También recordaron que falló a favor del colegio Westhill, en cuyo Consejo de Administración participa el matrimonio. La escuela quedó en el centro de un escándalo en 2015 cuando encarceló a una pareja de venezolanos que había emprendido una demanda por daño moral.

En declaraciones púbicas, la magistrada Esquivel ha dicho que la llegada de Zaldívar a la presidencia de la Corte acabó con el enfrentamiento que había con el Ejecutivo. Además, ha negado que tenga conflicto de interés porque su esposo, a quien dice conocer hace siete años, no participa en el proceso de selección de los ministros.

Quien asimismo niega que haya conflicto de interés en el caso de su postulación para ministra es la académica Loretta Ortiz. Argumenta también que su trayectoria profesional es anterior a su relación con su actual esposo, José Agustín Ortiz Pinchetti, uno de los principales colaboradores de López Obrador. En el gobierno de la capital, él fue secretario de Gobierno, participa en la elaboración de la Constitución Moral del gobierno federal y, a propuesta de Alejandro Gertz Manero, fiscal general de la República, el Senado lo nombró el viernes 8 titular de la FEPADE.

Especializada en derecho internacional y derechos humanos, Loretta Ortiz estuvo encargada de los foros de pacificación durante el periodo de transición. En lo que pasó como la primera pifia del equipo lopezobradorista, cuando apenas tenía dos semanas de haber ganado las elecciones, la académica anunció que el Papa Francisco había aceptado participar en los foros a su cargo. La información fue desmentida de inmediato por el Vaticano.

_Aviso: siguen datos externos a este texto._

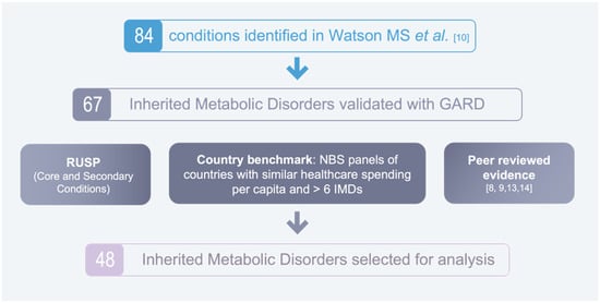 A three-step process was used to select which IMDs would be analysed with the NBS evaluation algorithm (see Figure 1). First, we identified the 84 disorders that were initially considered by the US working group to develop the RUSP in Watson MS et al. [10]. Next, we used the Genetic and Rare Diseases (GARD) Database to validate sixty-seven IMDs. Lastly, 48 IMDs were selected for analysis, based on the following three criteria to advantage disorders that are already widely screened for or that have previously been recommended for screening: (1) The disorder is included in the US RUSP Core Conditions or Secondary Conditions list. (2) The disorder is screened for in the following eight countries, that have a similar healthcare expenditure per capita and who screen for over six IMDs: Germany, Sweden, Austria, Australia, Iceland, New Zealand, Italy, and Portugal [11]. (3) The disorder was recommended for screening in one of three peer-reviewed publications [7,12,13] or by the EU Network of Experts on NBS [6].

Al igual que Ortiz, Celia Maya García fue incluida por López Obrador en la segunda terna. Magistrada en Materia Civil del Tribunal Superior de Justicia de Querétaro, también tiene una gran cercanía con Morena. A diferencia de las otras dos candidatas, carece de vínculos estrechos con López Obrador, aunque sí ha recibido ofertas del presidente para ser parte de su gobierno.

El año pasado buscó llegar al Senado por Morena, después de haber sido candidata por el PRD para el gobierno de Querétaro en 2003, pero ese partido le pidió el lugar para el actual senador, Juan José Jiménez Yáñez.